ResNet-34 can be created as follows:

resnet34 = ResNet(BasicBlock, [3, 4, 6, 3])

PyTorch’s implementation of a ResNet uses the notation of a “layer”. This “layer” is simply residual blocks stacked together, and can be of varying lengths. For ResNet-34, the layers argument is [3, 4, 6, 3]. The base number of planes of these layers are [64, 128, 256, 512].

When applicable _make_layer will downsample the input tensor of the first block for projection shortcuts.

How tensors move through a ResNet-34?

The use of the above two variants of the basic block will become more clear once we see how tensors move through a ResNet-34. So see that, I’ll make use of PyTorch’s forward hook feature.

from torchvision.models import resnet34, resnet50
import torch.nn as nn
import torch

def print_sizes(self, input, output):
  
    print('\n' + self.__class__.__name__)
    
    if self.__class__.__name__.startswith('Conv'):
      print(f'\tkernel: {self.kernel_size}\n\tpadding: {self.padding}\n\tstride: {self.stride}')
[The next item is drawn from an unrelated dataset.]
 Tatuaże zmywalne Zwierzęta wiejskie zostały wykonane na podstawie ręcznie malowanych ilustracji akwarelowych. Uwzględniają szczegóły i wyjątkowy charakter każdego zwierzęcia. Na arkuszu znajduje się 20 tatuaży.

    if self.__class__.__name__.startswith('MaxPool') or self.__class__.__name__.startswith('AvgPool'):
      print(f'\tkernel: {self.kernel_size}\n\tpadding: {self.padding}\n\tstride: {self.stride}')
    
    if not (self.__class__.__name__.startswith('ReLU') or self.__class__.__name__.startswith('BatchNorm')):
      print('\tinput size:', input[0].size())
      print('\toutput size:', output.data.size())
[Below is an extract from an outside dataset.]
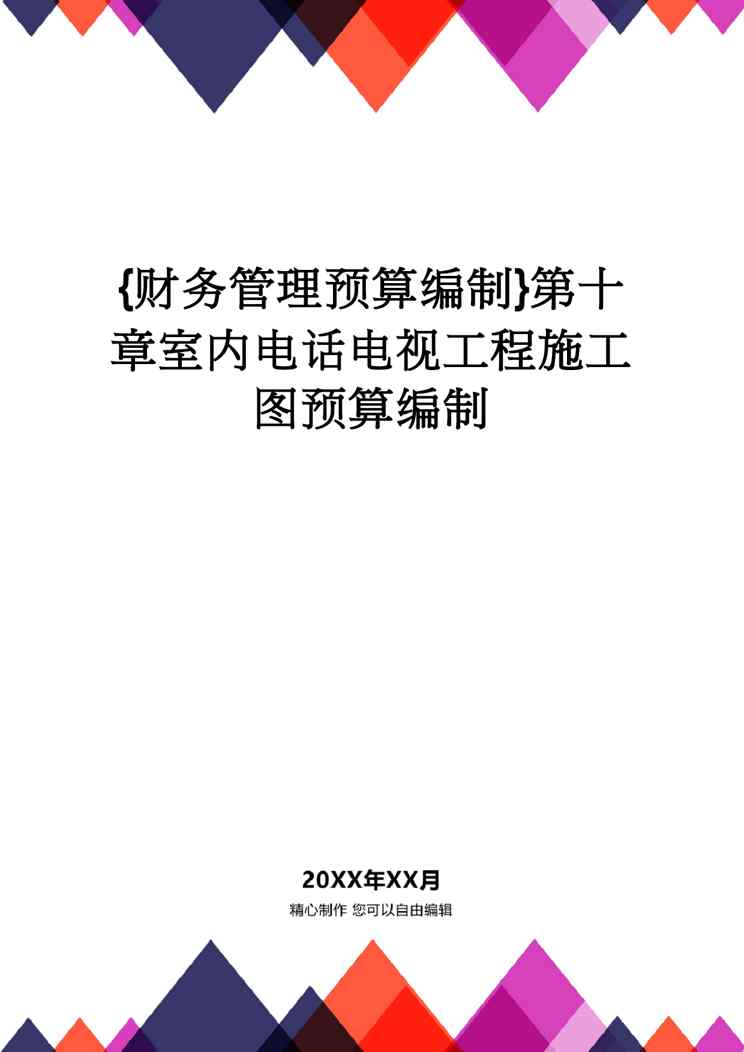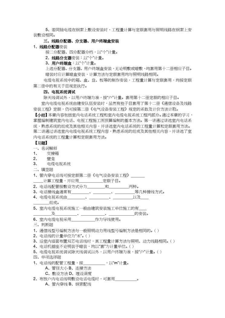 不久前,最新文档《【财务管理预算编制 】第十章室内电话电视工程施工图预算编制》全文正式在本站发布,感兴趣的用户可以下载阅读。 声明:本站所有文章,如无特殊说明或标注,均为本站原创发布。任何个人或组织,在未征得本站同意时,禁止复制、盗用、采集、发布本站内容到任何网站、书籍等各类媒体平台。如若本站内容侵犯了原著者的合法权益,可联系我们进行处理。

def layer_hook(self, input, output):
    print("\n\t\t------ Layer boundary ------\n")

model = resnet34()

for el in [model.conv1, model.bn1, model.relu, model.maxpool, model.avgpool, model.fc]:
  print(el.register_forward_hook(print_sizes))
  
for layer in [model.layer1, model.layer2, model.layer3, model.layer4]:
  layer.register_forward_hook(layer_hook)
  for i, el in enumerate(layer.children()):
    for el1 in el.children():
      if type(el1) == torch.nn.modules.container.Sequential:
        for el2 in el1.children():
          el2.register_forward_hook(print_sizes)
      else:
        el1.register_forward_hook(print_sizes)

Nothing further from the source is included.